I was going through my old diary account and came across this entry from when I was about 4-months along with ED:
I heard baby’s heart beat!!! Saturday, July 19, 2003
I did, I did!! it was 143 beats per minute, and per old wives tales, that means a girl. How fun!!
The midwife says it sounds like a very happy baby in there! She found the heartbeat EXACTLY where I always feel baby kicking me. How funny. I can’t wait until my ultrasound. I need to know what this bundle of joy will be!!
I treated myself to a decaf Starbucks on the way to work, and had an amazing day knowing for sure that baby’s heart was beating and that I wasn’t imagining those little kicks. It was a triumph. I only wish Ed could have been there; he was working out of town.
I’m going to a giant craft show with my parents tomorrow, and I’m pretty excited. I don’t get out and do too many things any more. Besides, they always feed me.
It’s funny how our relationship has changed since I’ve been preggo though. They always greet me and see me off with hugs and kisses. We haven’t done that since I was about 5.
On a side note, if my mother refers to my baby as ‘our baby'(our including her….) one more time, I’m really going to slap her. She wants to know if she can be called Nonnie now. I just roll my eyes in silence.

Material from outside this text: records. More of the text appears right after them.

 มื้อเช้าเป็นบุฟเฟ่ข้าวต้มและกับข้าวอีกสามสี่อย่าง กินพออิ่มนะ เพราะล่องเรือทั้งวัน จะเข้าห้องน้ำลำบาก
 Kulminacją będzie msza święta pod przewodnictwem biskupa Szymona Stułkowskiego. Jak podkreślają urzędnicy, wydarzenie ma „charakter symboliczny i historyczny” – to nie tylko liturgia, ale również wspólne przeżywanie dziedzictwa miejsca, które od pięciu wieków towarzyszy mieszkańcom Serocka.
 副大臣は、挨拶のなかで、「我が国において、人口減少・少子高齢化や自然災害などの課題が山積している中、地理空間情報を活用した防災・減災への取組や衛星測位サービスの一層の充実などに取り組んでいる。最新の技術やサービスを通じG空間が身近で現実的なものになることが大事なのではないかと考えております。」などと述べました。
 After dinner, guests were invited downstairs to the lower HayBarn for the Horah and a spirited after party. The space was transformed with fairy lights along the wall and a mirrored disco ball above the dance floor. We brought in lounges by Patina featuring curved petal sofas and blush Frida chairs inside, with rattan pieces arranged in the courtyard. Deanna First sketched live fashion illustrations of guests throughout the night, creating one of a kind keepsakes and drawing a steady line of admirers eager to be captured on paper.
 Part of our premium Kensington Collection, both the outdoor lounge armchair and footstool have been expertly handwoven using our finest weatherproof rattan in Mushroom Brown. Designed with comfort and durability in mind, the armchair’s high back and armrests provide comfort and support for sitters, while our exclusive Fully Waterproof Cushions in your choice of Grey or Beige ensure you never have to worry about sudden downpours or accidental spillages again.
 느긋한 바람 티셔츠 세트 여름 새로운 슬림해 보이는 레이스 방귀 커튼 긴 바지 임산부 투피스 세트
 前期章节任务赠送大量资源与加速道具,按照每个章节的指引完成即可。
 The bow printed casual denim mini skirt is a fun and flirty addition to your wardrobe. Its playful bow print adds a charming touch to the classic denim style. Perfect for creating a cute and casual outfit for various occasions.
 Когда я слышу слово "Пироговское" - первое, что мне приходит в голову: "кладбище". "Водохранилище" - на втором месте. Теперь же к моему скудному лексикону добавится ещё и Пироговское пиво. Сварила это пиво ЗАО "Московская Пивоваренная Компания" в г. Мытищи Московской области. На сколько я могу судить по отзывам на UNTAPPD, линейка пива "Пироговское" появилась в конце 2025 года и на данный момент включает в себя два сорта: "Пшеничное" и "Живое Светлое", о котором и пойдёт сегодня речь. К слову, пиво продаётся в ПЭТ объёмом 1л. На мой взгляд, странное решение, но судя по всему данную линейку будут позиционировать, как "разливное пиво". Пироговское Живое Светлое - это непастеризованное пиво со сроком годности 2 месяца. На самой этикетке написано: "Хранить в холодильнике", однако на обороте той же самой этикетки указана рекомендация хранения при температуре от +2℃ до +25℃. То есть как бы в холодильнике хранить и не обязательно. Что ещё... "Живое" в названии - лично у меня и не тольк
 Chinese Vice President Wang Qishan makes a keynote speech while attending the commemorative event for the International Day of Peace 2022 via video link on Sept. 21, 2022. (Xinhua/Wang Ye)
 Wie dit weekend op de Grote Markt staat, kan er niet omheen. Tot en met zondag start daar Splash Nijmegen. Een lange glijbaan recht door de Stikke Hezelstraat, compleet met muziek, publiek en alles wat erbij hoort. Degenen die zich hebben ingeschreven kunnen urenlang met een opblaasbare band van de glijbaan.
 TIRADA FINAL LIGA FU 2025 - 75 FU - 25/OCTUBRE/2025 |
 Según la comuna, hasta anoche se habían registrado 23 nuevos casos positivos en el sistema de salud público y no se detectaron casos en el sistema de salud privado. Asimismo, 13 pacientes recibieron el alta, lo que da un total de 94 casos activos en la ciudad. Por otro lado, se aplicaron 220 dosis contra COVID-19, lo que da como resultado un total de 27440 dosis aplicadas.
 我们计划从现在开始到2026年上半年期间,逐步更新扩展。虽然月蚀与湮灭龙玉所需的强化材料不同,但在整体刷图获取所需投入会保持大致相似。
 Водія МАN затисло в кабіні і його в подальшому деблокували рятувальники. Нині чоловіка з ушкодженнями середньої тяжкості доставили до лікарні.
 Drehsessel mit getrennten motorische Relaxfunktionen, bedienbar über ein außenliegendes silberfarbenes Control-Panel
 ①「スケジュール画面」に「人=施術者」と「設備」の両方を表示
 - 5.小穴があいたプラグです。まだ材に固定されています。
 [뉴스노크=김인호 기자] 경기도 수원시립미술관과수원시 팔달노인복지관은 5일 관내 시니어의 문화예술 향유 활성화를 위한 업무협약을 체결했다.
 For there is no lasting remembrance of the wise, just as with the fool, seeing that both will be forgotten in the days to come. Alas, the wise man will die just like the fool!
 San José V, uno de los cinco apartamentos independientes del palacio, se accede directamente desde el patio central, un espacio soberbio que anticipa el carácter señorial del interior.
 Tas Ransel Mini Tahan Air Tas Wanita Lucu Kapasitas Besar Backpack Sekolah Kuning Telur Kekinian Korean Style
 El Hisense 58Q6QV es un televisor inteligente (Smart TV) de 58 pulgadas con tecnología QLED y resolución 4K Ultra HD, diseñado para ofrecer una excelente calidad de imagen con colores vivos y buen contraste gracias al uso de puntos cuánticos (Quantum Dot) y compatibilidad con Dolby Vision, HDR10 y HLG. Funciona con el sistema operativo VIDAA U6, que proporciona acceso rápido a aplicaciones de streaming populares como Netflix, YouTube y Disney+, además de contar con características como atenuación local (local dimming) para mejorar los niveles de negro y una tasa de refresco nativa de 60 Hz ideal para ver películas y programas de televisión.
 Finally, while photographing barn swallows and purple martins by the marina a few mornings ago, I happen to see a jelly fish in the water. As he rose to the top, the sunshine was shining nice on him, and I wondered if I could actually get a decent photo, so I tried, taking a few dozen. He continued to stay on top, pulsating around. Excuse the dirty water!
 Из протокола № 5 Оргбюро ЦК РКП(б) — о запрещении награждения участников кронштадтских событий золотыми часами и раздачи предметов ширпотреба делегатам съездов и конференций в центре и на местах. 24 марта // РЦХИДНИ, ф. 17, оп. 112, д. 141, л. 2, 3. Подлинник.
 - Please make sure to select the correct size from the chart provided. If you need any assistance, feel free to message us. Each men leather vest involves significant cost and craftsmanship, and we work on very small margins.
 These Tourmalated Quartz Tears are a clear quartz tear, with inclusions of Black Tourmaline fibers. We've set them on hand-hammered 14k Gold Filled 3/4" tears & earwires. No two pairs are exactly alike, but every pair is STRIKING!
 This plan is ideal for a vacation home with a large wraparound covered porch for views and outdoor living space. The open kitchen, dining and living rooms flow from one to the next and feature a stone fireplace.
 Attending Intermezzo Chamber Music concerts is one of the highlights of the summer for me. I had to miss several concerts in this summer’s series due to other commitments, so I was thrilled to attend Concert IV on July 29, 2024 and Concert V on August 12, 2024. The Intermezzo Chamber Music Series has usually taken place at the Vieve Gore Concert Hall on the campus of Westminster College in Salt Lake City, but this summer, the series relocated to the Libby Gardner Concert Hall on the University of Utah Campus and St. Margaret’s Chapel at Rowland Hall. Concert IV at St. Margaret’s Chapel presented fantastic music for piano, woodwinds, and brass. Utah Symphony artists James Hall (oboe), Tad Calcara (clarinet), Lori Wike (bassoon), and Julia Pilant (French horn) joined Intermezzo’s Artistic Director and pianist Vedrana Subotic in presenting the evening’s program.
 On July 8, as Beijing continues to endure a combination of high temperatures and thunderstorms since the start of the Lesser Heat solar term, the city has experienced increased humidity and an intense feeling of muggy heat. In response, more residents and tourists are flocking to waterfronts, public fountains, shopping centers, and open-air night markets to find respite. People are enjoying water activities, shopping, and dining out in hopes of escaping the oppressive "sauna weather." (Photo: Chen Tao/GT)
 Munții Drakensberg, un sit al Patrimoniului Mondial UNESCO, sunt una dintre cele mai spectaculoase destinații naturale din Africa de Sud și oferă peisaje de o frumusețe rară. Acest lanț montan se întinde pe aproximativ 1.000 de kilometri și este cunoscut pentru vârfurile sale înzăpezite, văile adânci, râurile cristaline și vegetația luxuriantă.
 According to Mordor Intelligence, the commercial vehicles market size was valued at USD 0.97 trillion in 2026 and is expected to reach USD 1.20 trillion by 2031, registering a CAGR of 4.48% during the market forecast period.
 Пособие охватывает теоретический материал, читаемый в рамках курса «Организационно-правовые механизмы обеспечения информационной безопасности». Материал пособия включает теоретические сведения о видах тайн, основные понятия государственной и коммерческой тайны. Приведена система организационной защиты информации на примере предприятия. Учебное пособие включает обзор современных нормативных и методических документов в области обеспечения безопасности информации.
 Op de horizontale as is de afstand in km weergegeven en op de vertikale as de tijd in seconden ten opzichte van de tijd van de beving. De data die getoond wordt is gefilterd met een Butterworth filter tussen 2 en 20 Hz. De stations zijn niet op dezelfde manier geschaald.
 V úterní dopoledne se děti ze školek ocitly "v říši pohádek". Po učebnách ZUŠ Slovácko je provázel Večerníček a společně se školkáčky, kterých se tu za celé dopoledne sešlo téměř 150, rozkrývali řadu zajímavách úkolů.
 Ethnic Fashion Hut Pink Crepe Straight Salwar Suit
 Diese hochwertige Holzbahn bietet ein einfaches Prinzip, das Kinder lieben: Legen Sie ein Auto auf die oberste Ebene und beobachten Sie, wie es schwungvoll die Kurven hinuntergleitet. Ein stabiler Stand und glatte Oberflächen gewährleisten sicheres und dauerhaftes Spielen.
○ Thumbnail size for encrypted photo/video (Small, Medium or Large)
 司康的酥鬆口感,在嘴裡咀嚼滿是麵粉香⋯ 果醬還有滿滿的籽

I think that’s about it, I want to organize my clothes so that m maternity clothes are accessible, and everything else is out of the way for now.
It’s funny how hearing the heartbeat is still an amazing thing, even the 3rd time around. It further amazes me that I worry as much this time as I did the first time. I wonder if it ever stops. I know we’re ok, but I worry about this baby constantly. Will it be healthy? Will it end up in the NICU like CA did? Will it be gigantic like it’s brother? Will it be a champion nurser like both of it’s siblings. How will it change our family?
Of course, only time will tell. I just wish I could shut my brain off in the meantime.